Now that we have a functional debugging core, it's time to add breakpoints. Using the information from Chapter 2, we will implement soft breakpoints, hardware breakpoints, and memory breakpoints. We will also develop special handlers for each type of breakpoint and show how to cleanly resume the process after a breakpoint has been hit.

In order to place soft breakpoints, we need to be able to read and write into a process's memory. This is done via the ReadProcessMemory()[16] and WriteProcessMemory()[17] functions. They have similar prototypes:

BOOL WINAPI ReadProcessMemory(
    HANDLE hProcess,
    LPCVOID lpBaseAddress,
    LPVOID lpBuffer,
    SIZE_T nSize,
    SIZE_T* lpNumberOfBytesRead
);

BOOL WINAPI WriteProcessMemory(
    HANDLE hProcess,
    LPCVOID lpBaseAddress,
    LPCVOID lpBuffer,
    SIZE_T nSize,
    SIZE_T* lpNumberOfBytesWritten
);

Both of these calls allow the debugger to inspect and alter the debuggee's memory. The parameters are straightforward; lpBaseAddress is the address where you wish to start reading or writing. The lpBuffer parameter is a pointer to the data that you are either reading or writing, and the nSize parameter is the total number of bytes you wish to read or write.

Using these two function calls, we can enable our debugger to use soft breakpoints quite easily. Let's modify our core debugging class to support the setting and handling of soft breakpoints.

...
class debugger():

    def __init__(self):
        self.h_process         =     None
        self.pid               =     None
        self.debugger_active   =     False
        self.h_thread          =     None
        self.context           =     None
        self.breakpoints       =     {}
...
    def read_process_memory(self,address,length):
        data         = ""
        read_buf     = create_string_buffer(length)
        count        = c_ulong(0)


        if not kernel32.ReadProcessMemory(self.h_process,
                                          address,
                                          read_buf,
                                          length,
                                          byref(count)):
            return False

        else:

            data    += read_buf.raw
            return data

    def write_process_memory(self,address,data):

        count  = c_ulong(0)
        length = len(data)

        c_data = c_char_p(data[count.value:])

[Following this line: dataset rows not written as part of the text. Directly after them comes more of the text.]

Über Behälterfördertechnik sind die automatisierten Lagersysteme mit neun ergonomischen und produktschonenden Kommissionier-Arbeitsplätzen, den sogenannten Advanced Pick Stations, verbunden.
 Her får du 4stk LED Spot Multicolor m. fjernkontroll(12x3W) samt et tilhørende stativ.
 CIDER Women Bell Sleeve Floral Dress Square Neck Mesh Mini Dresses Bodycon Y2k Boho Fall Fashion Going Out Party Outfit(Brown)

        if not kernel32.WriteProcessMemory(self.h_process,
                                           address,
                                           c_data,
                                           length,
                                           byref(count)):
            return False
        else:
            return True

    def bp_set(self,address):

        if not self.breakpoints.has_key(address):
            try:
                # store the original byte
                original_byte = self.read_process_memory(address, 1)

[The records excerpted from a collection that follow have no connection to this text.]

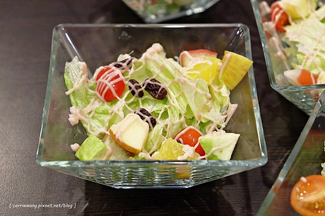 主廚沙拉 – 有美生菜、蘋果、芭樂、鳳梨、番茄和葡萄乾,食材吃來都很新鮮,佐的是藍莓醬,吃起來酸酸甜甜的,滿開胃的…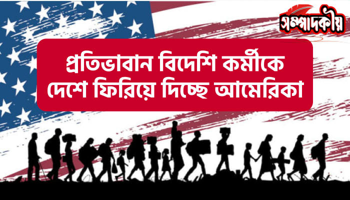 খবরটি বড়ই স্পর্শকাতর। দুনিয়ার সব দেশ, এমন কি আমেরিকা নিজেও মনে করে তাদের অবকাঠামোগত উন্নয়নসহ সব উন্নয়ন সম্ভব হয়েছে সুদক্ষ প্রবাসী কর্মীদের জন্য। সেই অভিজ্ঞ ও প্রতিভাবান কর্মীরা নিজেদের মতো করে প্রতিভার স্বাক্ষর রেখে আমেরিকাকে গড়ে তুলেছেন, তাদেরকে আমেরিকা থেকে বের করে দেয়া- কারো কাছেই ভালো কোনো সিদ্ধান্ত বলে মেনে নিতে পারছে না। সাম্প্রতিক সময়ে হাজার হাজার প্রতিভাবান শ্রমিককে আমেরিকা থেকে বের করে দেবে- এমন সিদ্ধান্তকে কেউ স্বাভাবিক কোনো সিদ্ধান্ত বলে মেনে নিতে পারবে না বলেই মনে করছেন। ইমোশনাল সিদ্ধান্ত সবসময় সুফল দেয় না। আরও একটা কথা, পজিটিভ ইমোশন অধিক সুফল দেয়। তেমন কথাই বলে থাকেন সুধীজন। সুতরাং এখানেও নেগেটিভ সিদ্ধান্ত সুফল দেবে না বলে মনে করা যায়। যে শিরোনাম নিয়ে এই সম্পাদকীয়। ঠিকানা’র ১৫ মে’র ৭০ পৃষ্ঠার লিড নিউজ ‘হাজার হাজার প্রতিভাবান বিদেশি কর্মীকে ফিরিয়ে দিচ্ছে যুক্তরাষ্ট্র’। তাতে বলা হয়েছে যে, সাম্প্রতিক সময়ে হাজার হাজার প্রতিভাবান বিদেশি কর্মীকে যুক্তরাষ্ট্র ফিরিয়ে দিচ্ছে। এর ফলে অনেকে তাদের ডিগ্রি সম্পন্ন করার পর আমেরিকা ছেড়ে চলে যেতে বাধ্য হচ্ছে। এ অবস্থায় তাদের নিজ দেশে ফিরে যাওয়া ছাড়া আর কোনো বিকল্প থাকছে না। সংবাদে আমেরিকার বিভিন্ন বিশ্ববিদ্যালয় থেকে ভালো ভালো ফল অর্জন করেও নিজ নিজ দেশে ফিরে যেতে বাধ্য হচ্ছে বলে জানা যাচ্ছে। তারা পুনরায় আমেরিকার শীর্ষস্থানীয় বিভিন্ন বিশ্ববিদ্যালয় থেকে ভালো ফল অর্জনকারী স্নাতক ডিগ্রিধারী আবারও প্রতিযোগিতামূলক আবেদনের ফলাফলের জন্য দুর্ভাবনার অপেক্ষা করেছিলেন। তবু বার্ষিক এইচ-১বি ভিসা লটারির ফলাফল সম্পূর্ণভাবে তাদের হার নাগালের বাইরে।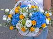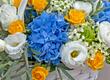 Hortensiile albastre, alături de lyzianthusul alb și minirosele galbene, creează un adevărat spectacol floral, ce va cuceri cu desăvârșire inimile persoanelor dragi din viața ta!

                # write the INT3 opcode
                self.write_process_memory(address, "\xCC")

                # register the breakpoint in our internal list
                    self.breakpoints[address] = (address, original_byte)
            except:
                return False

        return True

Now that we have support for soft breakpoints, we need to find a good place to put one. In general, breakpoints are set on a function call of some type; for the purpose of this exercise we will use our good friend printf() as the target function we wish to trap. The Windows debugging API has given us a very clean method for determining the virtual address of a function in the form of GetProcAddress(),[18] which again is exported from kernel32.dll. The only primary requirement of this function is a handle to the module (a .dll or .exe file) that contains the function we are interested in; we obtain this handle by using GetModuleHandle().[19] The function prototypes for GetProcAddress() and GetModuleHandle() look like this:

FARPROC WINAPI GetProcAddress(
    HMODULE hModule,
    LPCSTR lpProcName
);

HMODULE WINAPI GetModuleHandle(
    LPCSTR lpModuleName
);

This is a pretty straightforward chain of events: We obtain a handle to the module and then search for the address of the exported function we want. Let's add a helper function in our debugger to do just that. Again back to my_debugger.py.

import my_debugger

debugger = my_debugger.debugger()

pid = raw_input("Enter the PID of the process to attach to: ")

debugger.attach(int(pid))

printf_address = debugger.func_resolve("msvcrt.dll","printf")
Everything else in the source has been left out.